• Problem requirements:
Records follow. Print exactly the lines from the one that has "A cultura gauchesca" through the one that has "തൃശ്ശൂര്: സമ്പൂര്ണ പ്ലാസ്റ്റിക്", inclusive, and omit the pictures.

• Source material:
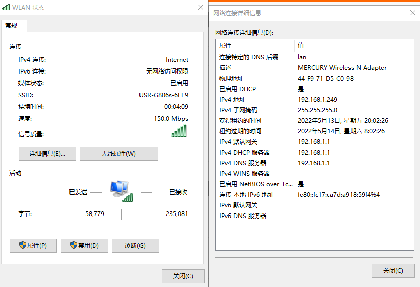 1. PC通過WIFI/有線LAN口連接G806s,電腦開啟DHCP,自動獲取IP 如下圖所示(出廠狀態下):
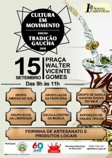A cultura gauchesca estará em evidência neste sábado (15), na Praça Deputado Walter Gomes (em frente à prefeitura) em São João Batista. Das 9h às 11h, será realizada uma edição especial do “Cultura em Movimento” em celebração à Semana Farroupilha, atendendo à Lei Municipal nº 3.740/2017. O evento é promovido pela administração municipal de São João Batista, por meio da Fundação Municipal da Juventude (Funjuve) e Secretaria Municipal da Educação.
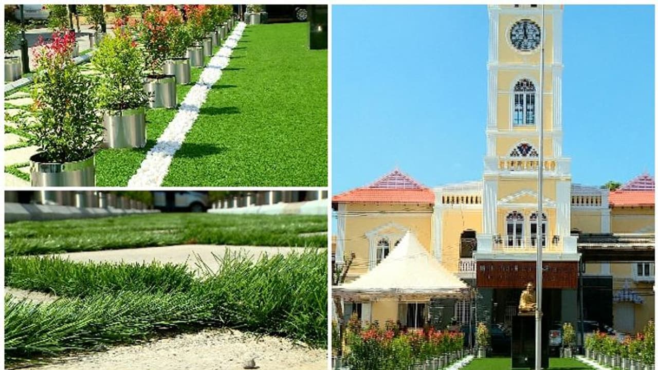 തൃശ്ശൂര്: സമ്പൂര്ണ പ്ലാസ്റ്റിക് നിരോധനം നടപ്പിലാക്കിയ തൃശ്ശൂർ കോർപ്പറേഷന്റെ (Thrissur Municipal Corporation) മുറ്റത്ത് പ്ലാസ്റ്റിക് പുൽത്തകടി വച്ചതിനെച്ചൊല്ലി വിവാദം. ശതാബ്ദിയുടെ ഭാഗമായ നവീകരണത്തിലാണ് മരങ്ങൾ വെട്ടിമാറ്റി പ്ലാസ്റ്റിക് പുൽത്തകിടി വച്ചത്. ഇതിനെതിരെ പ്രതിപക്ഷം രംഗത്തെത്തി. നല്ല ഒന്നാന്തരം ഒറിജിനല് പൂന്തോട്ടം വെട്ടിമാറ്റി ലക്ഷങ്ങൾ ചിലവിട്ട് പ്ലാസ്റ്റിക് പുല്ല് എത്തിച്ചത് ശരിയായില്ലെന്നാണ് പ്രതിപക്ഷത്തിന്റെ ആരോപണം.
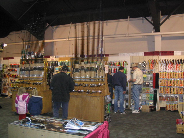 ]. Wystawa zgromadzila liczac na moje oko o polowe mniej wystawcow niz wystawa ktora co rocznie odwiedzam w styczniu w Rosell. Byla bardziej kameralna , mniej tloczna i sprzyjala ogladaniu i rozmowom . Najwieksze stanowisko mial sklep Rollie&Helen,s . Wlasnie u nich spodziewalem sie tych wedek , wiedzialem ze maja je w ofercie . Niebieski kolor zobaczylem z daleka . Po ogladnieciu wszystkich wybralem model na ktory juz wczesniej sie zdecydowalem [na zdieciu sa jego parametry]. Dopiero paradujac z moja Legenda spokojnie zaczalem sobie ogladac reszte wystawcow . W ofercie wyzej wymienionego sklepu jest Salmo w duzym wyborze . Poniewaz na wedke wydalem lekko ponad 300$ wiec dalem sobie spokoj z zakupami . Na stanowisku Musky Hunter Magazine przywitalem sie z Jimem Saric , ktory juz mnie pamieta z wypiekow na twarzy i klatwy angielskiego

--

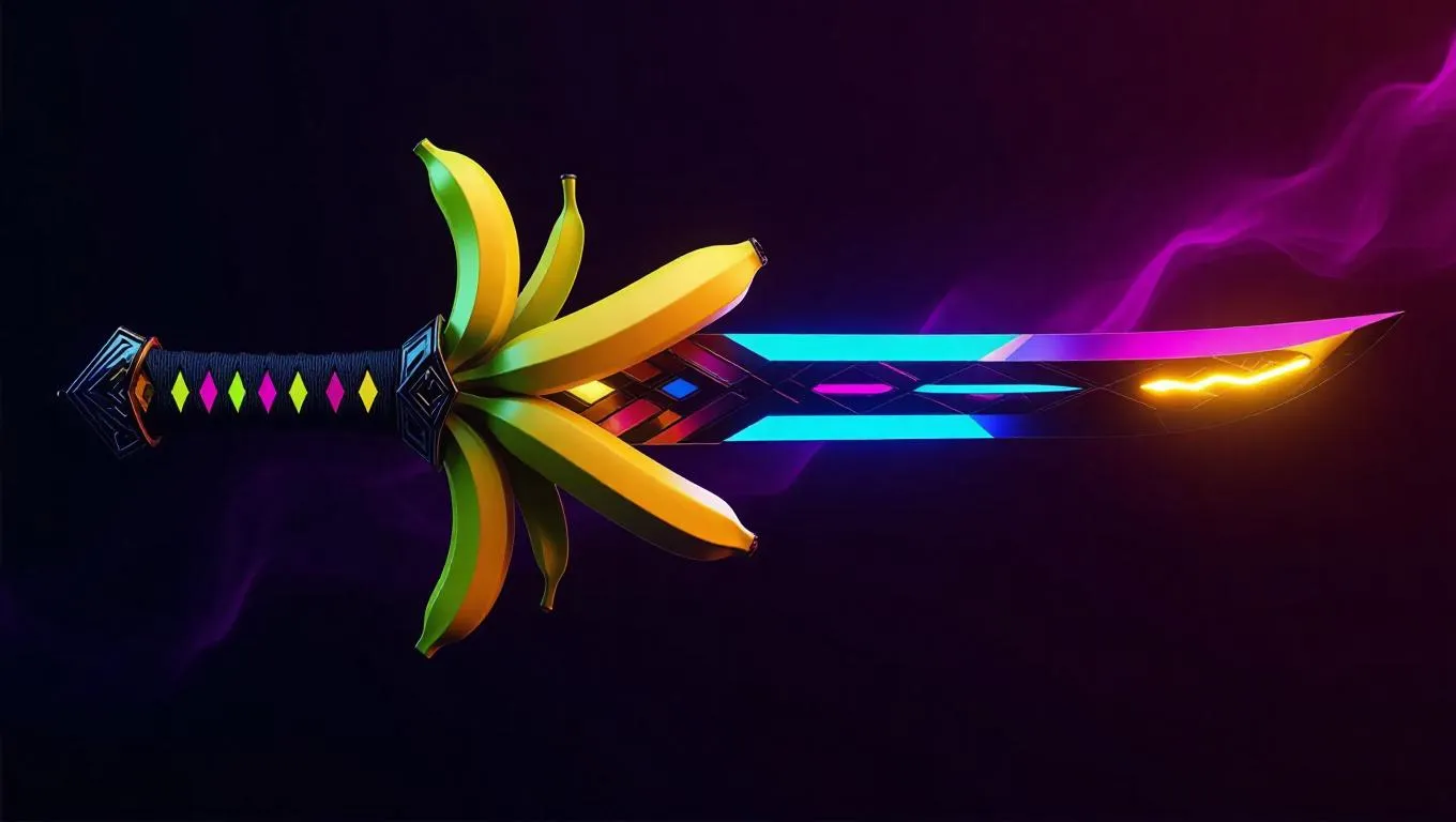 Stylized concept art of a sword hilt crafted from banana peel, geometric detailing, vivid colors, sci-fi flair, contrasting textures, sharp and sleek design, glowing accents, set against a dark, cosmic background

• Task answer:
A cultura gauchesca estará em evidência neste sábado (15), na Praça Deputado Walter Gomes (em frente à prefeitura) em São João Batista. Das 9h às 11h, será realizada uma edição especial do “Cultura em Movimento” em celebração à Semana Farroupilha, atendendo à Lei Municipal nº 3.740/2017. O evento é promovido pela administração municipal de São João Batista, por meio da Fundação Municipal da Juventude (Funjuve) e Secretaria Municipal da Educação.
 തൃശ്ശൂര്: സമ്പൂര്ണ പ്ലാസ്റ്റിക് നിരോധനം നടപ്പിലാക്കിയ തൃശ്ശൂർ കോർപ്പറേഷന്റെ (Thrissur Municipal Corporation) മുറ്റത്ത് പ്ലാസ്റ്റിക് പുൽത്തകടി വച്ചതിനെച്ചൊല്ലി വിവാദം. ശതാബ്ദിയുടെ ഭാഗമായ നവീകരണത്തിലാണ് മരങ്ങൾ വെട്ടിമാറ്റി പ്ലാസ്റ്റിക് പുൽത്തകിടി വച്ചത്. ഇതിനെതിരെ പ്രതിപക്ഷം രംഗത്തെത്തി. നല്ല ഒന്നാന്തരം ഒറിജിനല് പൂന്തോട്ടം വെട്ടിമാറ്റി ലക്ഷങ്ങൾ ചിലവിട്ട് പ്ലാസ്റ്റിക് പുല്ല് എത്തിച്ചത് ശരിയായില്ലെന്നാണ് പ്രതിപക്ഷത്തിന്റെ ആരോപണം.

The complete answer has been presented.